I have solved the 98th problem in leetcode and this is my solution:
class Solution {
public:
long long pre;
bool check(TreeNode *node) {
if(!node) return true;
bool left = check(node->left);
bool mid = node->val > pre;
pre = node->val;
bool right = check(node->right);
return left & mid & right;
}
bool isValidBST(TreeNode* root) {
pre = (long long)INT_MIN - 1;
return check(root);
}
};
However, I am not sure if this solution consumes O(n) or O(1) space since someone told me that a recursive function would make use of stack, which makes this solution consume O(n) space.
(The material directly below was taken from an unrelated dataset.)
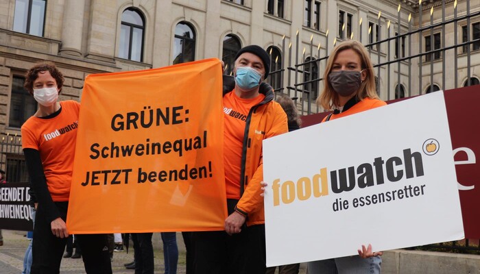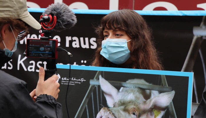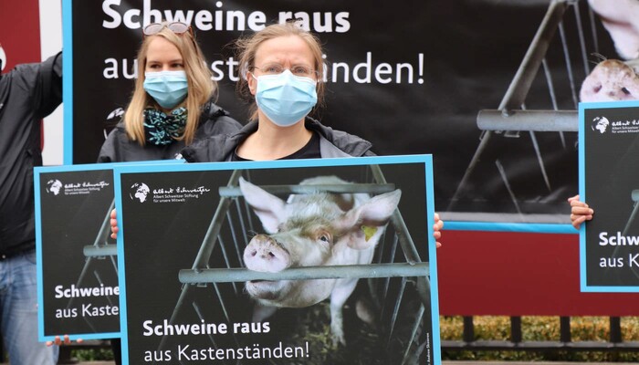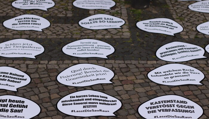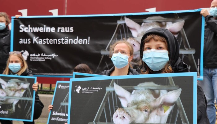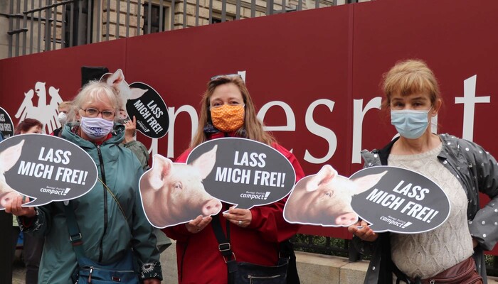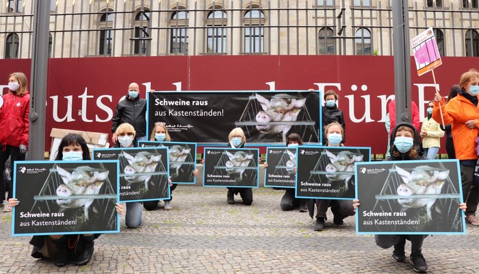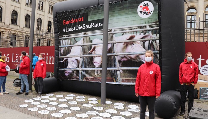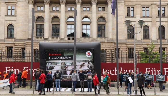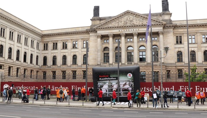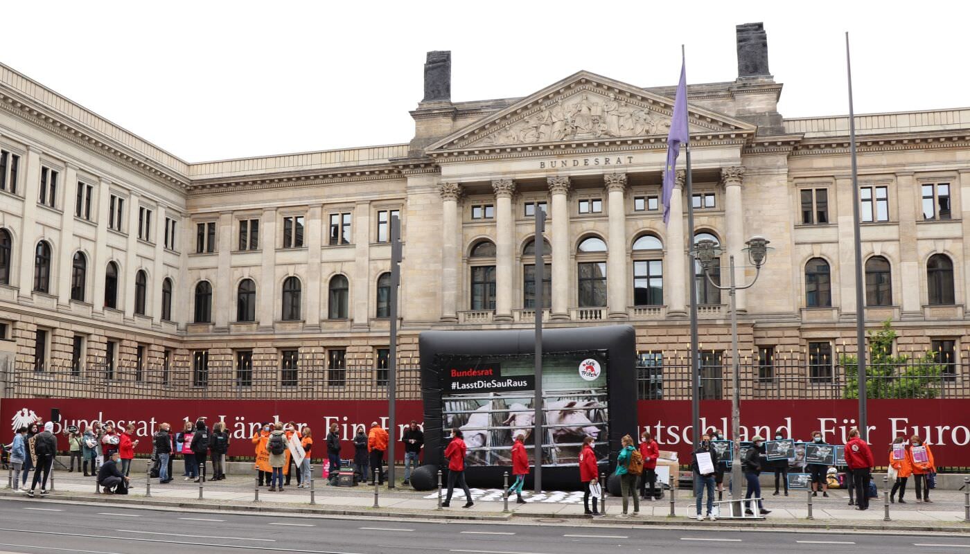 Heute haben wir und zahlreiche andere Organisationen unsere Kritik an diesem dreisten Verordnungsentwurf und der tierquälerischen Kastenstandhaltung nochmals lautstark deutlich gemacht. Mehr als 70 Aktivist:innen der Albert Schweitzer Stiftung, von Animal Equality, dem Bundesverband Tierschutz, Campact, Compassion in World Farming, Foodwatch, Peta, ProVieh und Vier Pfoten haben sich für eine Protestaktion vor dem Bundesratsgebäude in der Nähe des Potsdamer Platzes versammelt. Mit einem haushohen Aufsteller, zahlreichen Bannern und Protestschildern sowie Lautsprecherdurchsagen waren wir weder zu übersehen noch zu überhören.

But in my opinion, pre is not an parameter of a recursive function. Besides, pre's original value won't be needed anymore whenever it is changed since check(node) traverse a tree in in-order and whenever a node's value has been compared with pre, it won't be visited in the future, so it only consume O(1) space.
Please help me to clarify the problem.
CodePudding user response:
You need O(max tree depth)
space for the parameters and local variables. For a balanced tree, that's O(log nodes)
, and for a maximally imbalanced tree, that's O(nodes)
.
The stack frame for the call to check(parent)
has to exist at the same time as the stack frame for it's call check(parent->left)
(and similarly check(parent->right)
). What you don't need is the stack frame of check(parent->left)
to exist at the same time as that of check(parent->right)
.